SEOOn-Site Linking Architecture: Your Hidden SEO Goldmine (or Nemesis)

On-Site Linking Architecture: Your Hidden SEO Goldmine (or Nemesis)

If you haven't conducted a comprehensive analysis of your on-site linking structure, you may actually be losing search engine rankings, traffic, and sales due to a non-optimal on-site linking structure -- without even being aware of the fact!

Contrary to popular belief, Google’s PageRank algorithm doesn’t only apply to external (i.e., outgoing and incoming) links — it can also be used as a self-contained analysis tool to determine health, strengths, and weaknesses of your website’s on-site links.

Of course, this has nothing to do whatever with the Toolbar PageRank (TBPR) Google has been using as a brilliant tool of social engineering for years, eminently safeguarded by plausible deniability all along. According to Google, it is, after all, intended “for entertainment purposes only.”

So why is this important? Consider: out of the 150˜190 or so individual factors governing a website’s ranking (who outside of Google can ever know for sure how many they are exactly?), there’s only a handful you yourself have full control over.
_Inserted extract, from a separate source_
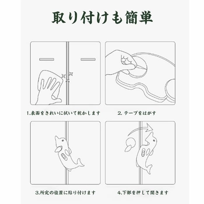 【取り付けも簡単】 中央部分を押しながらフックを持ちあげれば片手でも簡単に開けられます。裏面に強力な両面テープがついているので、食器棚や冷蔵庫、物置など様々な場所で使用することが可能です。

First comes content, obviously: it’s the one thing the search engines can’t and won’t create for you. Then there are other on-site elements, such as meta tags, title tags, the canonicals specification, page architecture, etc. Last, but not least, there’s your on-site linking structure.

Organic Issues

In a nutshell, here’s what you may get if you fail to optimize your on-site links:

  • Non-indexed pages
  • Pages dropped into what used to be called Google’s “Supplemental Results Hell”
  • Pages relegated to Google’s “Omitted Results” filter
  • Orphaned pages
  • Broken links impeding rankings and accessibility

Websites that have grown “organically” in the course of the years, with several generations of webmasters and system administrators having tended to them (not to mention management, sales departments and creatives — think redesign!) are inevitably bound to encounter problems with their on-site linking structures sooner or later. Remember good old techie terms like “link rot”?

CMS Issues

Nor is this “organic” (i.e., human component) the only culprit involved. Content management systems (CMS), which drive a huge chunk, if not the overwhelming majority of large corporate sites, are another prime issue generator.

Many major CMS providers have latched onto the fact that “SEO” is all the craze now, so they take great pains to voice their claim that their systems have “full SEO features” implemented. Generally, this is, however, limited to including customizable (i.e., not entirely templated) meta tags, title tags, and keyword rich page or file names. From a professional SEO’s point of view, this still leaves a tremendous lot to be desired. And, in any case, an optimized on-site linking architecture addressing a given site in its entirety doesn’t seem to be part of their SEO efforts anyway.

What’s worse, many sub-optimally organized sites aren’t even their respective CMS’s fault. Content management systems are, after all, pretty complex tools, and if the staff charged with implementing and configuring them aren’t 100 percent sure of what they’re doing, especially as regards state-of-the-art SEO requirements, it doesn’t take an Einstein to figure out what you’ll get in the end, and as a rule it’s anything but pretty.

Promotion Issues

Finally, there’s another important factor that may prevent your on-site linking architecture from being optimized the way it should be from a pure SEO perspective: your real life promotion environment. Regardless of whether you’re trying to push sales online, solicit leads, offer customer support or establish and fortify your brand — you’ll have your own, perfectly legitimate views of how to present yourself to your clients.

This will typically encompass specific, indispensable elements of design and corporate identity factors ranging from logos to icons and color schemes. And, yes, you may actually prefer a specific, non-standard type of site architecture for the very same reason as well.

(For example, you might want to focus on pushing your products overview or your customer survey pages rather than your mission statement or your news section. Some sites want their visitors to engage in some Flash based interactive features, such as an online game or a quiz, while others may prefer to point potential buyers to their global resellers network, etc.)

More often than not, this will mandate some kind of trade off between what would be the optimal linking structure from a purely SEO driven point of view, and whatever real world requirements need addressed.

Leverage Google’s Published PageRank Algorithm

In any case, you should always be aware of what you’re doing — and every single on-site link ought to have its own objectified rationale backing it up. In our experience of some five years investigating this matter, analyzing large corporate (usually CMS powered) websites, and optimizing their on-site link architecture, we’ve found that leveraging Google’s published PageRank algorithm (in contrast to whatever modified version of it they may be deploying as part of their top secret internal ranking algorithm) offers us excellent, unbiased metrics to determine a given site’s linking fortes and soft spots.

Nor can this be ignored with impunity: arguably the trickiest aspect of the matter is the fact that you may actually be losing search engine rankings, traffic, and sales due to a non-optimal on-site linking structure — without even being aware of the fact!